Coupling ventilated semi-transparent photovoltaic windows with air-conditioning systems: electrical, thermal, and daylight performance across diverse cooling-season climates in China for varying window-to-wall ratios

Building-integrated photovoltaic (BIPV) technology offers a promising solution for combining electricity generation with architectural functionality. Building on a previous study that introduced an innovative semi-transparent photovoltaic window (STPV-W) system integrated with an air-conditioning system, this research quantitatively evaluates its energy and daylighting performance under varying window-to-wall ratios (WWRs) across five representative cooling-season climates in China: Beijing, Hefei, Guangzhou, Haikou, and Urumqi. Electrical and thermal performance was simulated using energy balance equations in a Matlab environment, while daylighting performance was analyzed through DesignBuilder software to assess natural light distribution and artificial lighting demand. Results show that increasing the WWR significantly boosts summer electricity generation, with Beijing achieving the highest output (676.18 kWh at 100 % WWR).

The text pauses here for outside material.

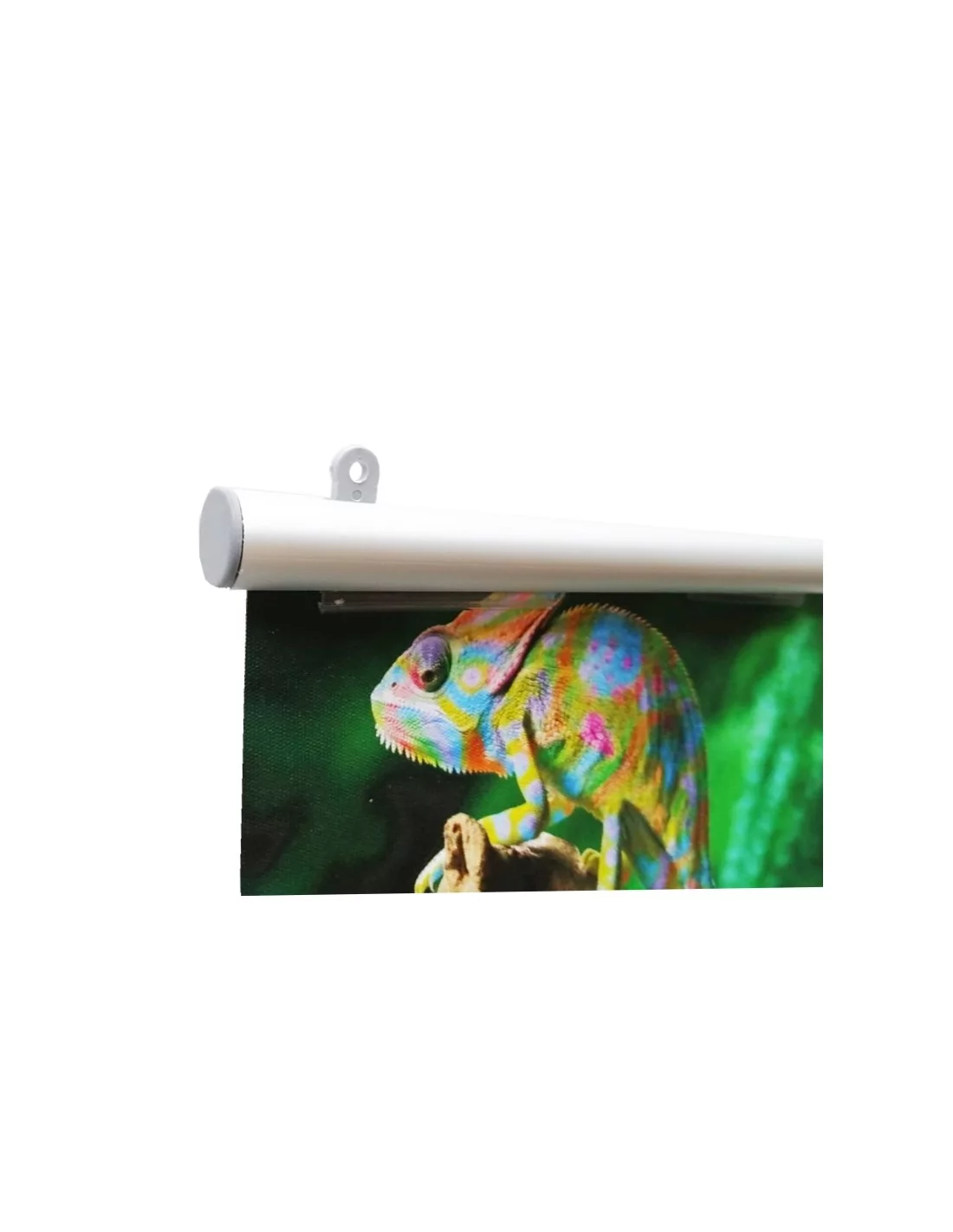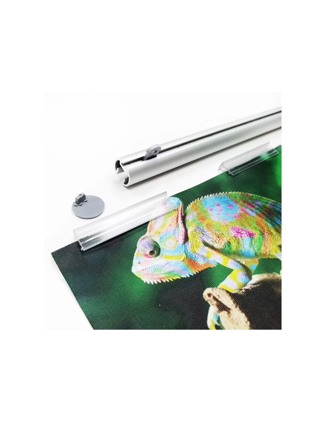 - Le système de crochet de votre affiche ou bâche aux barres en aluminium de cet écran suspendu est un peu plus lent que les systèmes pliants. Le système comprend des pièces en plastique rigide que vous devrez placer en haut de votre graphique. Ensuite, insérez ces pièces dans la barre d'aluminium, et prêt à pendre.

Heat recovery performance improves sharply up to 60 % WWR but shows diminishing returns beyond 80 %. Cooling energy consumption decreases with WWR increases up to 80 % but rises slightly at higher WWRs. Daylighting analysis reveals glare-free performance at WWR ≤40 %, while higher WWRs lead to perceivable glare in most cities. Overall, increasing the WWR reduces net energy consumption by 62.22 %–68.11 % across the cities, with greater savings in higher-latitude regions. These findings offer valuable insights for optimizing coupled STPV window and air-conditioning system designs to achieve energy-efficient buildings across diverse climates.